▸ **EXERCISE BRIEF**
Word for word, write the records out again, but omit each picture.
+ + + + +
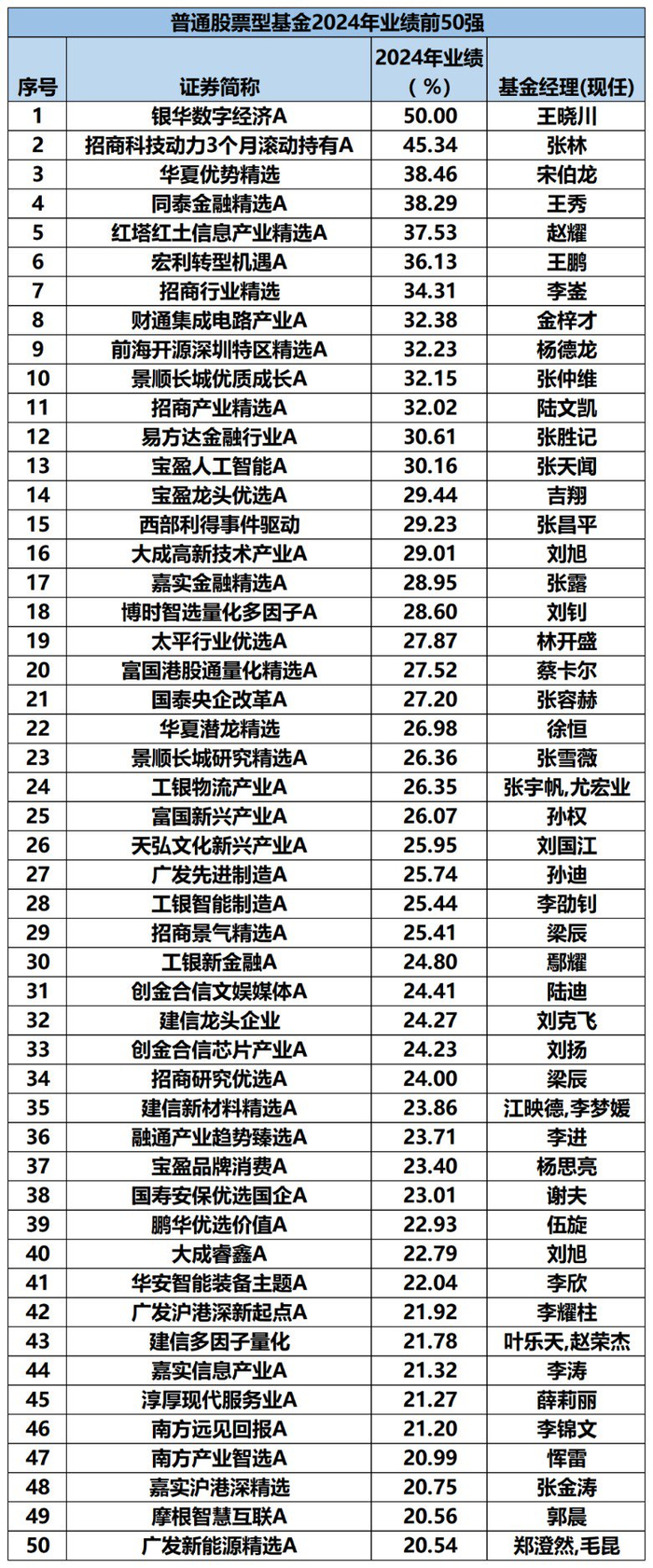 2024年净值增长率超过50%的,还有张宇帆和马丽娜管理的工银新兴制造A,以及王晓川管理的银华数字经济A,这两只基金2024年净值增长率分别为50.28%、50.00%,位列2024年主动权益基金业绩榜单的第三位、第四位。
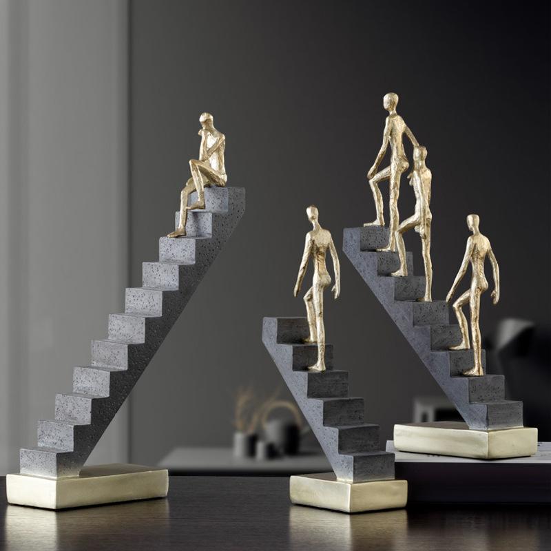 Harz-Handwerk Figur Skulptur Treppenleiter Goldener Mann Abstrakte Dekorative Figuren Raumdekoration Zubehör — günstig online bei Joom kaufen
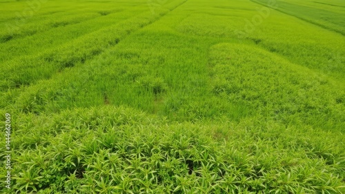 Lush green field of vibrant rice paddy plants viewed from an elevated angle showcasing the texture and patterns of the crop.
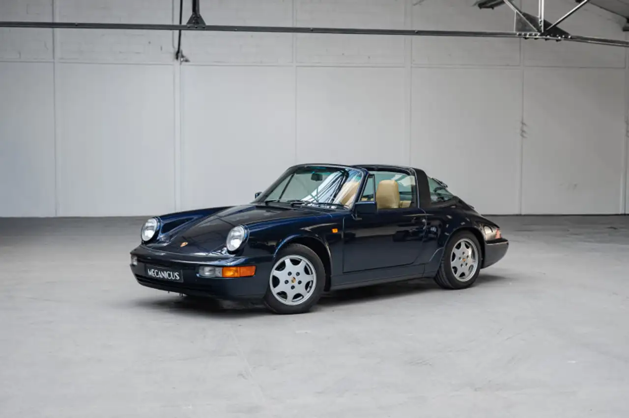 La Porsche 911 type 964 Targa que nous vous présentons est un exemplaire d?origine suisse, livré neuf le 1er janvier 1992 par le Centre Porsche de Zurich.brbrLa peinture de cette auto, Midnight Blue Metallic, est une teinte profonde qui s?associe magnifiquement à un intérieur en cuir Fauve. Cette combinaison rare et intemporelle souligne avec une élégance particulière les lignes emblématiques de la 964.brbrCôté mécanique, cet exemplaire bénéficie d'un atout majeur : son moteur a été entièrement refait dans les règles de l?art. Cette intervention lourde, attestée par des factures, garantit aujourd?hui une utilisation sereine et permet de retrouver toute la noblesse du Flat-6 3.6 L de 250 ch, couplé à la sécurité de la transmission intégrale.brbrElle affiche actuellement 171 500 kilomètres au compteur, parcourus avec brio grâce à un suivi d'une régularité exceptionnelle. Son carnet d?entretien ainsi que son dossier de factures ne laissent aucun doute sur son historique : l'auto a été entretenue exclusivement au Centre Porsche de Zurich de 1992 à 2010 (148 416 km), avant de rejoindre la France, où elle a continué d'être soignée par Porsche La Défense et des spécialistes reconnus.brbrEquipement optionnel : br4 roues motricesbrClimatisationbrRadio numérique DABbrSièges sportbrToit ouvrant / Toit panoramiquebrbrListe des entretiens : br06/1992 - Entretien - 3948km - Porsche Zurichbr12/1993 - Entretien - 19568km - Porsche Zurichbr04/1995 - Entretien - 30704km - Porsche Zurichbr04/1996 - Entretien - 35957km - Porsche Zurichbr05/1997 - Entretien - 46193km - Porsche Zurichbr07/1998 - Entretien - 61385km - Porsche Zurichbr04/1999 - Entretien - 72199km - Porsche Zurichbr08/2000 - Entretien - 82697km - Porsche Zurichbr09/2001 - Entretien - 91067km - Porsche Zurichbr06/2003 - Entretien - 104541km - Porsche Zurichbr10/2004 - Entretien - 114297km - Porsche Zurichbr05/2006 - Entretien - 121456km - Porsche Zurichbr06/2008 - Entretien - 137422km - Porsche Zurichbr07/2010 - Entretien - 148416km - Porsche Zurichbr05/2014 - Entretien - 155058km - Porsche La Défensebr11/2019 - Entretien - 158180km - APC Sport et Prestige (spécialiste Porsche)br01/2021 - Entretien - 160053km - APC Sport et Prestige (spécialiste Porsche)br06/2022 - Entretien - 164180km - APC Sport et Prestige (spécialiste Porsche)br10/2023 - Entretien - 166777km - APC Sport et Prestige (spécialiste Porsche)brbrLe véhiucle est couvert par un contrat Mecanicus Essentiel 12 mois avec plafond de 5 000¤brbrL'auto est visible à Paris ou sur le site de Mecanicus pour plus de photos. Nos prix s'entendent TVA et malus inclus, le coût de la carte grise reste à la charge de l'acheteur.brReprise et financement possibles.brbrL'équipe MECANICUS
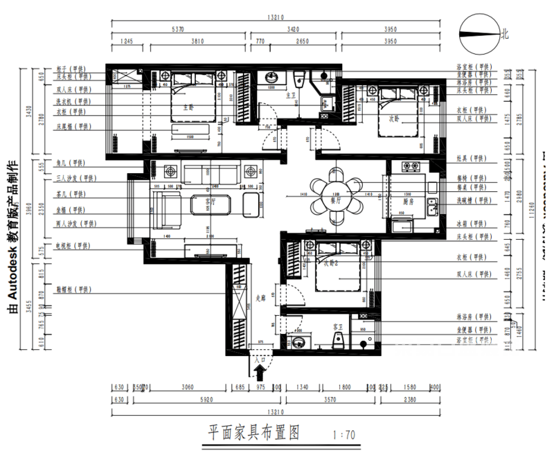 戶型優點:南北通透、室內采光好、戶型方正、空間劃分明確。
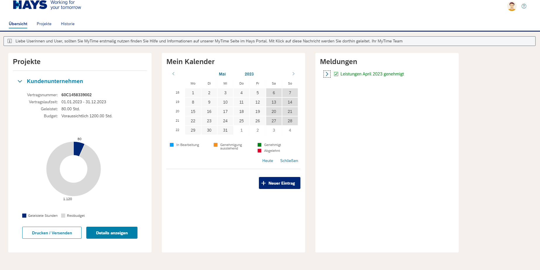Mithilfe von MyTime by Hays können Sie Ihre geleisteten Zeiten digital von unterwegs oder am PC erfassen und der Projektleitung zur Genehmigung zusenden. Auch für Kunden ist MyTime by Hays die perfekte Lösung: Mit nur einem Klick sind Ihre Zeiten genehmigt.
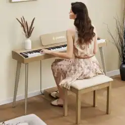 Die Klavierbank ist aus solidem Massivholz gefertigt und hat ein schlichtes, zeitloses Design, das in die meisten Häuser und zu den meisten Klavieren passt.
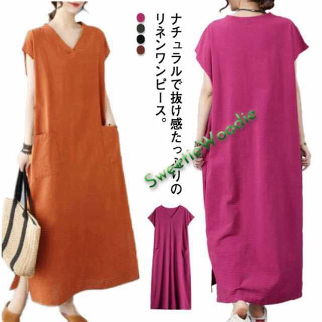 ロングワンピース リネンワンピース 大きいサイズ コットンリネン 涼しい マキシワンピース フレンチスリーブ ワンピース 半袖 Vネック ポケット付き 夏服 新作 スリット入り ゆったり 体型カバー ナチュラル 森ガール
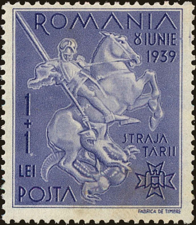 Visibility: public Image owner: none semipostal 6/8/1939 1+1L issue=King Carol II accession 9th d=St George & the dragon wmk=crowns & monograms perf=13.5x13.25 Crops No visible images cropped from this one. Measurements Resolution is unknown. Source Source name: Colnect File URL: http://i.colnect.net/b/5042/161/St-George-and-the-Dragon.jpg Uploaded March 18, 2019, 2:00 am by Stan Shebs |
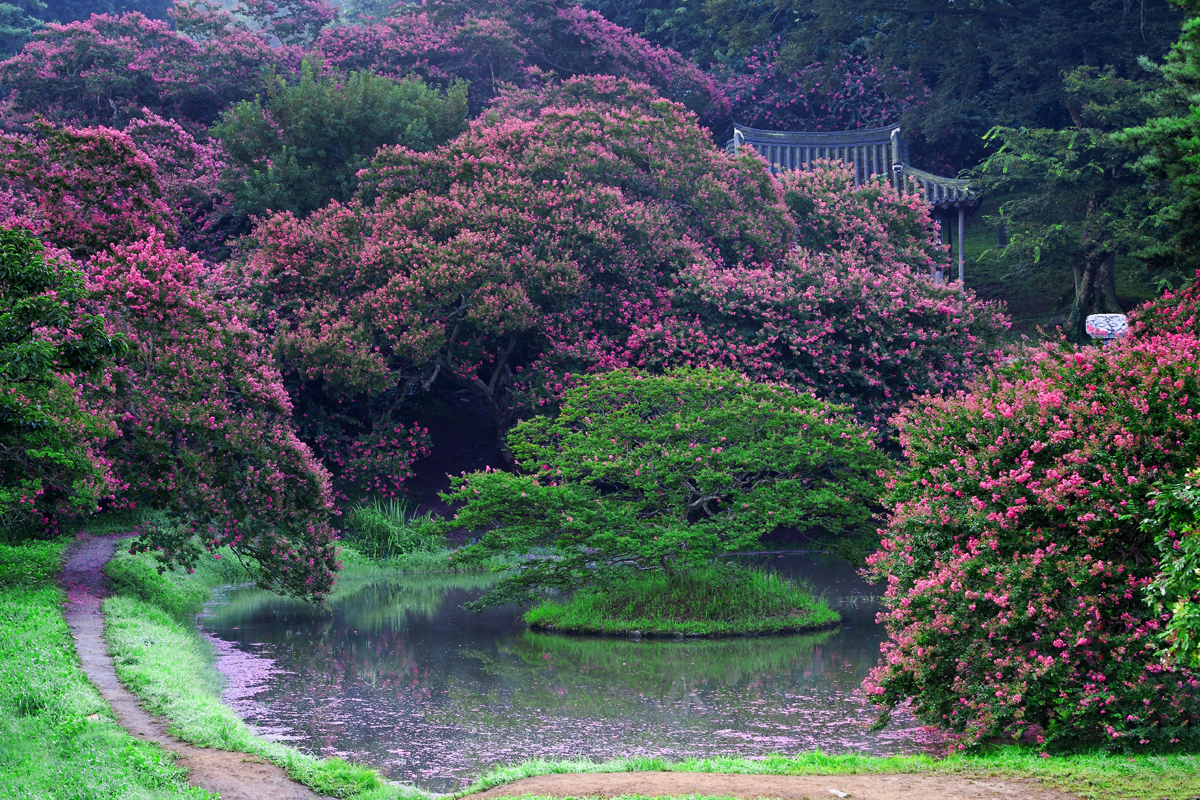 가을이 시작하기 전 명옥헌 원림은 백일홍 가득 환상적인 풍경이 펼쳐집니다.
+ + + + +
▸ **EXERCISE SOLUTION**
 2024年净值增长率超过50%的,还有张宇帆和马丽娜管理的工银新兴制造A,以及王晓川管理的银华数字经济A,这两只基金2024年净值增长率分别为50.28%、50.00%,位列2024年主动权益基金业绩榜单的第三位、第四位。
 Harz-Handwerk Figur Skulptur Treppenleiter Goldener Mann Abstrakte Dekorative Figuren Raumdekoration Zubehör — günstig online bei Joom kaufen
 Lush green field of vibrant rice paddy plants viewed from an elevated angle showcasing the texture and patterns of the crop.
 La Porsche 911 type 964 Targa que nous vous présentons est un exemplaire d?origine suisse, livré neuf le 1er janvier 1992 par le Centre Porsche de Zurich.brbrLa peinture de cette auto, Midnight Blue Metallic, est une teinte profonde qui s?associe magnifiquement à un intérieur en cuir Fauve. Cette combinaison rare et intemporelle souligne avec une élégance particulière les lignes emblématiques de la 964.brbrCôté mécanique, cet exemplaire bénéficie d'un atout majeur : son moteur a été entièrement refait dans les règles de l?art. Cette intervention lourde, attestée par des factures, garantit aujourd?hui une utilisation sereine et permet de retrouver toute la noblesse du Flat-6 3.6 L de 250 ch, couplé à la sécurité de la transmission intégrale.brbrElle affiche actuellement 171 500 kilomètres au compteur, parcourus avec brio grâce à un suivi d'une régularité exceptionnelle. Son carnet d?entretien ainsi que son dossier de factures ne laissent aucun doute sur son historique : l'auto a été entretenue exclusivement au Centre Porsche de Zurich de 1992 à 2010 (148 416 km), avant de rejoindre la France, où elle a continué d'être soignée par Porsche La Défense et des spécialistes reconnus.brbrEquipement optionnel : br4 roues motricesbrClimatisationbrRadio numérique DABbrSièges sportbrToit ouvrant / Toit panoramiquebrbrListe des entretiens : br06/1992 - Entretien - 3948km - Porsche Zurichbr12/1993 - Entretien - 19568km - Porsche Zurichbr04/1995 - Entretien - 30704km - Porsche Zurichbr04/1996 - Entretien - 35957km - Porsche Zurichbr05/1997 - Entretien - 46193km - Porsche Zurichbr07/1998 - Entretien - 61385km - Porsche Zurichbr04/1999 - Entretien - 72199km - Porsche Zurichbr08/2000 - Entretien - 82697km - Porsche Zurichbr09/2001 - Entretien - 91067km - Porsche Zurichbr06/2003 - Entretien - 104541km - Porsche Zurichbr10/2004 - Entretien - 114297km - Porsche Zurichbr05/2006 - Entretien - 121456km - Porsche Zurichbr06/2008 - Entretien - 137422km - Porsche Zurichbr07/2010 - Entretien - 148416km - Porsche Zurichbr05/2014 - Entretien - 155058km - Porsche La Défensebr11/2019 - Entretien - 158180km - APC Sport et Prestige (spécialiste Porsche)br01/2021 - Entretien - 160053km - APC Sport et Prestige (spécialiste Porsche)br06/2022 - Entretien - 164180km - APC Sport et Prestige (spécialiste Porsche)br10/2023 - Entretien - 166777km - APC Sport et Prestige (spécialiste Porsche)brbrLe véhiucle est couvert par un contrat Mecanicus Essentiel 12 mois avec plafond de 5 000¤brbrL'auto est visible à Paris ou sur le site de Mecanicus pour plus de photos. Nos prix s'entendent TVA et malus inclus, le coût de la carte grise reste à la charge de l'acheteur.brReprise et financement possibles.brbrL'équipe MECANICUS
 戶型優點:南北通透、室內采光好、戶型方正、空間劃分明確。
Mithilfe von MyTime by Hays können Sie Ihre geleisteten Zeiten digital von unterwegs oder am PC erfassen und der Projektleitung zur Genehmigung zusenden. Auch für Kunden ist MyTime by Hays die perfekte Lösung: Mit nur einem Klick sind Ihre Zeiten genehmigt.
 Die Klavierbank ist aus solidem Massivholz gefertigt und hat ein schlichtes, zeitloses Design, das in die meisten Häuser und zu den meisten Klavieren passt.
 ロングワンピース リネンワンピース 大きいサイズ コットンリネン 涼しい マキシワンピース フレンチスリーブ ワンピース 半袖 Vネック ポケット付き 夏服 新作 スリット入り ゆったり 体型カバー ナチュラル 森ガール
 Visibility: public Image owner: none semipostal 6/8/1939 1+1L issue=King Carol II accession 9th d=St George & the dragon wmk=crowns & monograms perf=13.5x13.25 Crops No visible images cropped from this one. Measurements Resolution is unknown. Source Source name: Colnect File URL: http://i.colnect.net/b/5042/161/St-George-and-the-Dragon.jpg Uploaded March 18, 2019, 2:00 am by Stan Shebs |
 가을이 시작하기 전 명옥헌 원림은 백일홍 가득 환상적인 풍경이 펼쳐집니다.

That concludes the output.